Figuring out how to structure, manage, and maintain your data science project is a series of non-trivial tasks that, if done correctly, can make your life much easier as your project unfolds and matures. Aiming for reproducibility adds an additional layer of complexity and difficulty, but can contribute to the longevity and credibility of a project.
Where can I find comprehensive resources on ensuring practical reproducibility and maintainability of data science projects?
Python project file structure (source: Build a Reproducible and Maintainable Data Science Project by Khuyen Tran)
Khuyen Tran has put together a fantastic resource in the free online book titled, rather appropriately, Building a Repeatable and Maintainable Data Science Project.
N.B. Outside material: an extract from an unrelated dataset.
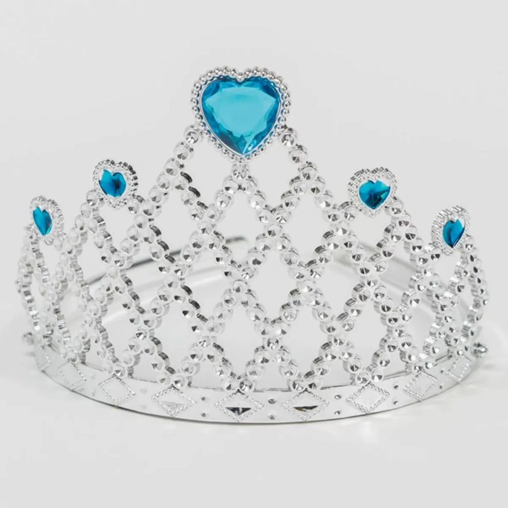 Bu taç, gümüş renginde ve mavi kalp süslemesi ile zarif ve modern bir tasarıma sahiptir. Taçtaki parıldayan taşlar ise masalsı bir atmosfer yaratarak küçük prensesinizin göz kamaştırmasını sağlayacaktır.

This book introduces Python tools for developing efficient workflows for repeatable and maintainable data science projects. We introduce the best practices and tools that allow data scientists to be able to adapt to the ever-increasing demand for complexity, while guaranteeing the reliability of their systems.
This all sounds good, you think, but what does it really mean? To get an overview of what the book offers, I suggest you take a quick look at Section 2.1, How to Structure a Data Science Project for Readability and Transparency. You’ll quickly understand how the book is structured, what it will cover, how it does it, and Tran’s appreciation for (and following) standards and best practices. You will find an easy to read, well structured and informative resource waiting for you.
Tran’s book and accompanying Data Science Cookie Cutter pattern rely on the following Python tools to achieve its goals:
- cookie cutter
- pre-commit plugins
- and more
I’m a big fan of poetry, so from the start I’m happy that Tran chose to use it in the project (NB: a pip version of the project exists for those who prefer). Poetry is a masterful Python dependency management tool with many features beyond pip. You can read more about poetry here.
Importance is also given to testing, configuration file management, project installation, data and template management, and code compliance and organization. In short, what you should do to ensure your code is reproducible and maintainable, Tran covers in this book. Not only are the concepts and practice covered, but the accompanying GitHub repository contains a project that helps complete the set of tasks.
Pre-Engagement Tasks (source: Build a Reproducible and Maintainable Data Science Project by Khuyen Tran)
Make sure your code conforms to the PEP-8 style guide? Covered.
Version your datasets and store them online? Check.
Delete notebook outputs before commits? Yes.
Document your code as you go? You bet!
Tran’s free online book is a useful resource for beginners and seasoned practitioners alike. Using the methods therein will certainly improve the reliability of your code, the maintainability of your implementations, and the reproducibility of your projects, while allowing for increased complexity.
Don’t let the aspects of your project over which you can have full control, namely structure and implementation, be your downfall; follow the plan detailed by Tran in this book to ensure that you build a repeatable and maintainable data science project.
Matthew Mayo (@mattmayo13) is a data scientist and the editor of KDnuggets, the leading online resource on data science and machine learning. His interests are in natural language processing, algorithm design and optimization, unsupervised learning, neural networks and automated approaches to machine learning. Matthew has a master’s degree in computer science and a graduate degree in data mining. It can be attached to editor1 at kdnuggets[dot]com.